## Jupyter Notebook

### A. System Overview

This machine learning system is designed to showcase an end-to-end implementation covering the entire lifecycle of a machine learning model. It integrates various MLOps tools and technologies discussed during the DASCI 270 sessions, that includes facilitating data ingestion, preprocessing, training, validation, deployment, and monitoring of the model. The system is also structured to handle drift detection to ensure the model remains effective and accurate over time. This document will guide you through interacting with the deployed system and provide detailed documentation of each component and their functionalities.

#### System Architecture

! insert diagram

#### Components

1. **Machine Learning Model (XGBoost for Classification)** - 

2. **Data Pipeline (Dagster)** - Orchestrates the workflow for data ingestion, preprocessing, and preparation. Dagster manages the sequence of these operations to ensure data flows correctly from one process to another, maintaining a clear and manageable execution order.

3. **Experiment Tracking (MLflow)** - Provides a framework to track experiments, including model training runs, parameters, metrics, and artifacts, enabling easier debugging and optimization. It stores models, performance metrics, and custom objects like drift reports, making them easy to access and compare across different runs.

4. **Model Serving (FastAPI)** - Deploys the trained model through a REST API using FastAPI, facilitating easy access to the model’s predictive capabilities. The API handles requests for predictions and provides model metadata, ensuring input validation and structured outputs.

5. **Containerization (Docker)** - Containerizes the services making up the system to ensure consistency and reproducibility across environments. Each isolated environment ("container") contains all necessary dependencies for each service, which can be easily deployed on any system supporting Docker.

6. **Drift Detection (Evidently AI)** - Integrates Evidently AI to monitor the model for any signs of data or concept drift. This component is crucial for maintaining the model's accuracy, providing insights into how the data characteristics and relationships are changing over time.

7. **Data Validation (Pydantic)** - Ensures that the data received by the API matches the expected format and type. This prevents errors during model prediction and ensures reliable model performance.

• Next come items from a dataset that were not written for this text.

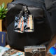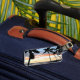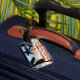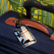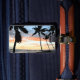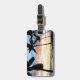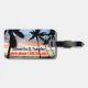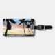 Tropiskt resa bagageIDmärkren med textmallområde för namn- och kontakttelefonnummer. Bakgrundsdesignen är en kusten med palmträd som skisseras av en livlig solnedgång.
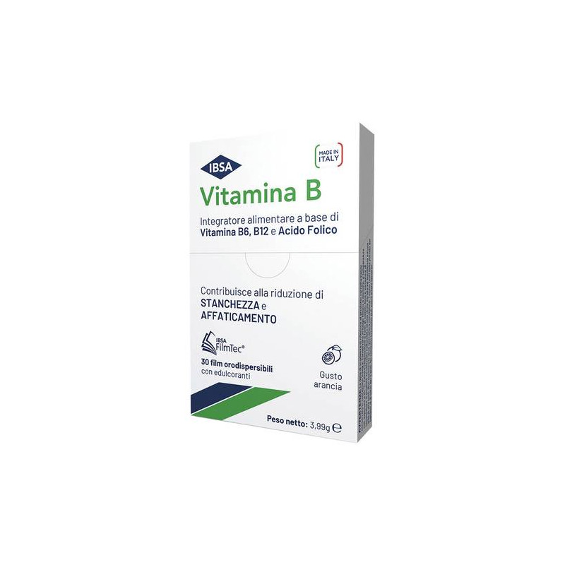 Vitamina B IBSA è disponibile sotto forma di film orodispersibili, una forma di assunzione dell’integratore molto semplice e pratica. Non deve essere assunto con acqua, si scioglie in pochi secondi una volta appoggiato sulla lingua. Può essere assunto in ogni momento e in ogni condizione, anche da parte di persone con difficoltà di deglutizione, allettate o in condizioni di particolare fragilità.
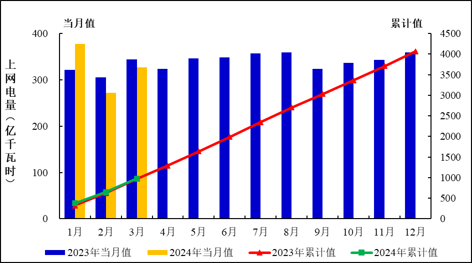 图3:2023年1月至2024年3月全国运行核电机组上网电量趋势
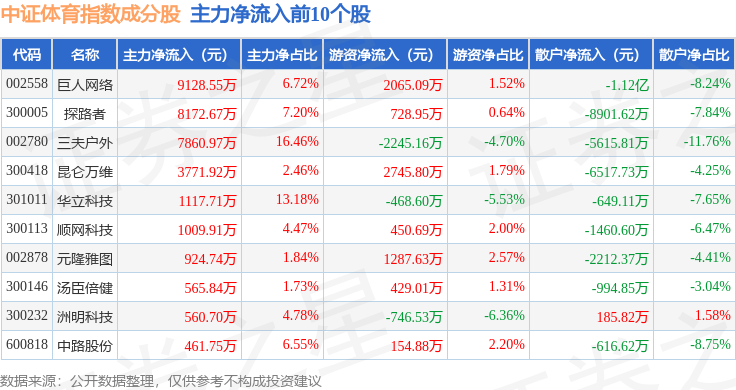 资金流向方面,中证体育(399804)指数成份股当日主力资金净流入合计4804.48万元,游资资金净流入合计7983.48万元,散户资金净流出合计1.28亿元。成份股资金流向详情见下表:

8. **Testing (Pytest and Github Actions)** - Uses Pytest to develop and run comprehensive tests that validate the correctness of the data processing and feature engineering components. GitHub Actions automates these tests, ensuring that all code integrations meet quality standards and function as expected.

### B. Setup Instructions

This section provides detailed instructions on how to set up and run the system using Docker Compose. The instructions assume you have Docker and Docker Compose installed on your machine. If not, please install them from the [Docker official website](https://www.docker.com/) before proceeding.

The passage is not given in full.